<!--SPDX-FileCopyrightText: 2023 Dennis Gläser <dennis.glaeser@iws.uni-stuttgart.de>-->
<!--SPDX-License-Identifier: GPL-3.0-or-later-->
[](https://dglaeser.gitlab.io/fieldcompare/)
# FieldCompare
[](https://www.repostatus.org/#active)
[](https://gitlab.com/dglaeser/fieldcompare/-/pipelines?page=1&scope=all&ref=main)
[](https://dglaeser.gitlab.io/fieldcompare/coverage)
[](https://dglaeser.gitlab.io/fieldcompare/)
[](https://github.com/psf/black)
[](https://api.reuse.software/info/git.fsfe.org/reuse/api)
`fieldcompare` is a Python package with command-line interface (CLI) that can be used to compare
datasets for (fuzzy) equality.
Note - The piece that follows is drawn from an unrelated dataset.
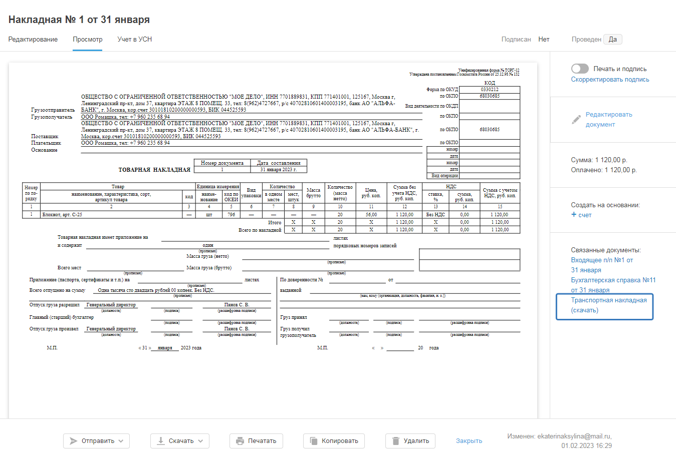 В режиме «Просмотр» есть возможность скачать транспортную накладную:
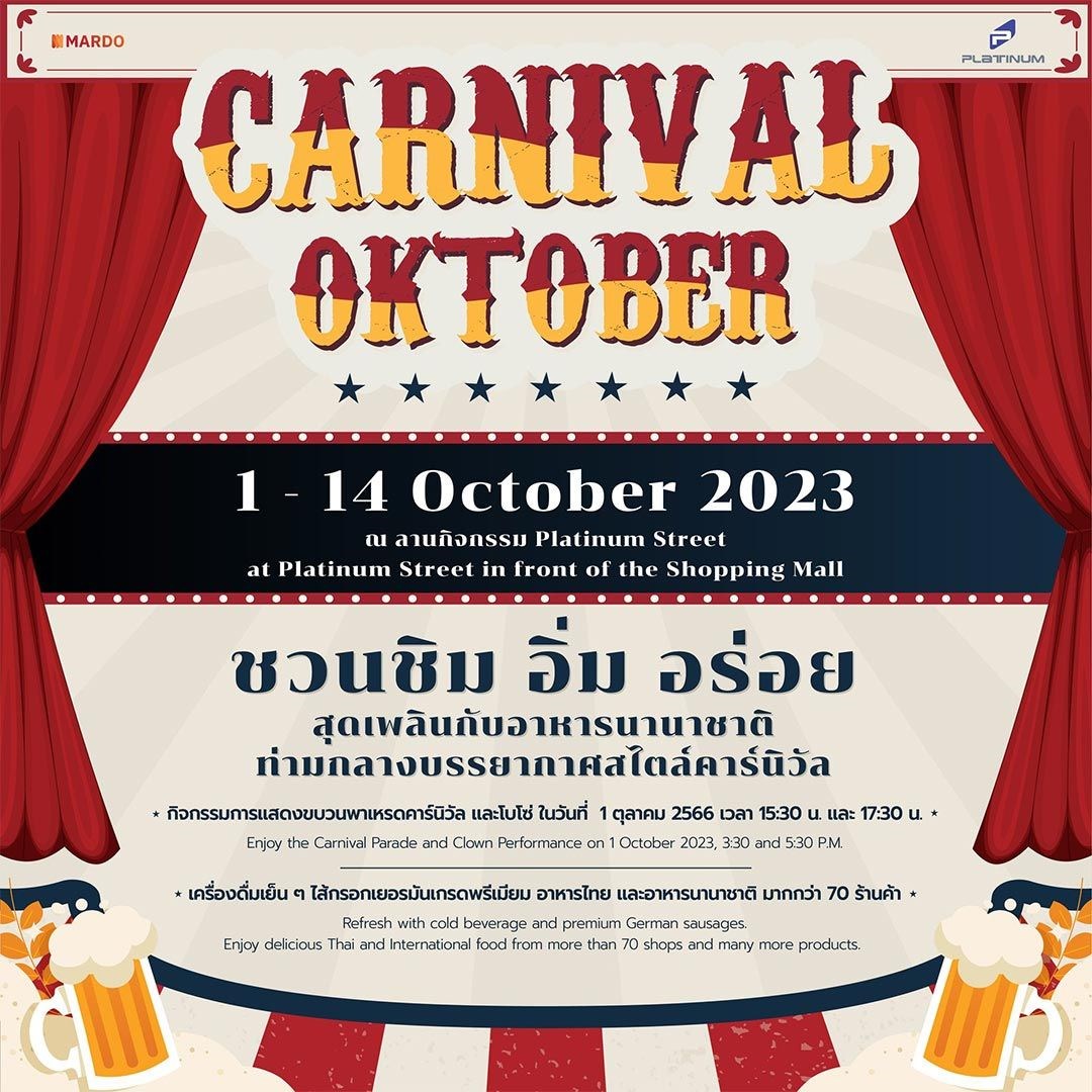 CARNIVAL OKTOBER ชวนชิม อิ่ม อร่อย สุดเพลินกับอาหารนานาชาติ ท่ามกลางบรรยากาศสไตล์คาร์นิวัล พร้อมเครื่องดื่มเย็น ๆ ไส้กรอกเยอรมันเกรดพรี่เมียม อาหารไทย และอาหารนานาชาติ มากกว่า 70 ร้านค้า วันที่ 1 - 14 ต.ค. 66 พิเศษ! ชมกิจกรรมการแสดงขบวนพาเหรดคาร์นิวัล และโบโซ่

It was designed mainly to serve as a tool to realize regression tests
for research software, and in particular research software that deals with numerical simulations.
In regression tests, the output of a software is compared to reference data that was produced by
the same software at an earlier time, in order to detect if changes to the code cause unexpected
changes to the behavior of the software.
Simulations typically produce discrete field data defined on computational grids, and there exists
a variety of standard and widely-used file formats. `fieldcompare` natively supports a number of
[VTK file formats](https://kitware.github.io/vtk-examples/site/VTKFileFormats/):
`.vtp`, `.pvtu`, `.pvtu`, `.pvtp` as well as [Paraview's](https://www.paraview.org/) `.pvd`.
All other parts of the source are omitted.